Brexit updates have dominated the headlines in the United Kingdom in recent weeks, with the pound sterling (GBP) taking the brunt, as it experiences wild fluctuations amid uncertainty. As the UK Department for International Trade prepares for negotiations with the EU regarding trade deals, hard lining tones have already emerged from both parties.
The UK Versus the EU
The UK seeks some kind of a treaty that will, above all, safeguard their financial services sector. The sector is UK’s biggest source of exports and revenue, and they are keen to maintain London’s status as a key global financial powerhouse. But the European Union has maintained that it is under no obligation to extend any favors or sweet deals to the UK, a non-member. EU has also categorically stated that its members will benefit from a smaller London, arguing that financial stability and capital markets development will be enhanced in member states.
The UK maintains that London plays a vital role in the European economy and as such, regulatory alignment and inter-institutional trust should be the starting point of the discussions. The financial services sector, that broadly includes banks, asset managers, insurers, payment service providers, credit rating agencies and auditors, promises to be the main bone of contention. While UK is firm on its stance, the EU is also keen not to let its financial rules and regulations be undercut by an ambitious London, with the bloc also contemplating on luring firms to relocate.

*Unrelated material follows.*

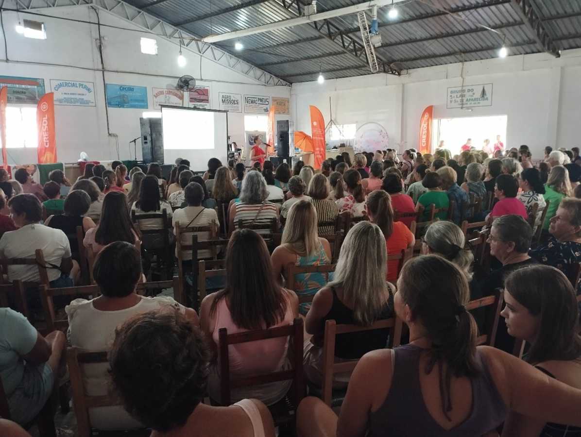 Vindas de diferentes comunidades do município, as participantes foram recepcionadas por um momento de espiritualidade coordenado pelo pároco Padre Inácio Fengler. A programação também contou com momentos de construção de conhecimento, reflexão e confraternização. A importância do autocuidado e de um seguro de vida para eventuais necessidades na vida das pessoas foi abordado pela representante da Cresol, Marina Somer.

Meanwhile, the UK has also dangled a stick, warning that its promise to pay the Brexit bill (amounting to 40 billion pounds) hinges on whether they will get a good trade deal with the EU or not. The UK is intent on using this as leverage, considering it is one of the bloc’s largest contributors, but Brussels will likely reason that this is a bill for liabilities accrued and that London has a legal duty to oblige.
EUR/GBP Currency Pair
This sets the stage for a hard Brexit, or as is now said, a No-deal Brexit. Politically, UK Prime Minister Theresa May reshuffled her cabinet, with numerous pundits pointing out that a cabinet minister was appointed to deal specifically with the real possibility of a No-deal Brexit. This will heighten uncertainty on the British economy as currently, Forex websites are showing the pound greatly pressured in the EUR/GBP pair.
The alternative scenario is a smooth Brexit. This is where UK’s exit from the EU will have as minimal economic impacts as possible. This will require both parties to soften their stance and reach a compromise favorable to both. This will be particularly favorable to the pound as more investors will remain interested in the UK. This will pile more pressure on the EUR/GBP pair as investors gain more confidence in the British economy.
The most likely scenario, though, is a model of the Canadian deal with the EU. As the most modern deal, there is even a special chapter dedicated to financial services. Still, UK is demanding more for its bread and butter financial sector. The EU-Canadian deal does not allow for ‘passporting’ of financial firms, which essentially means that UK companies will only require registration in a single member country. For EU, offering more to London will lead to more demands from Ottawa, as outlined in the clause ‘most favored nation’ of the CETA deal.
Trade deals involve lots of negotiations, and the current standoff threatens to set the stage for longer-than-normal discussions. Politically, the EU starts from a higher position, as all negotiations will begin after the UK formally exits the bloc. But London’s global stature and standing cannot be overlooked. With both parties insistent on protecting their interests, much volatility should be expected on the pound sterling in coming weeks and months.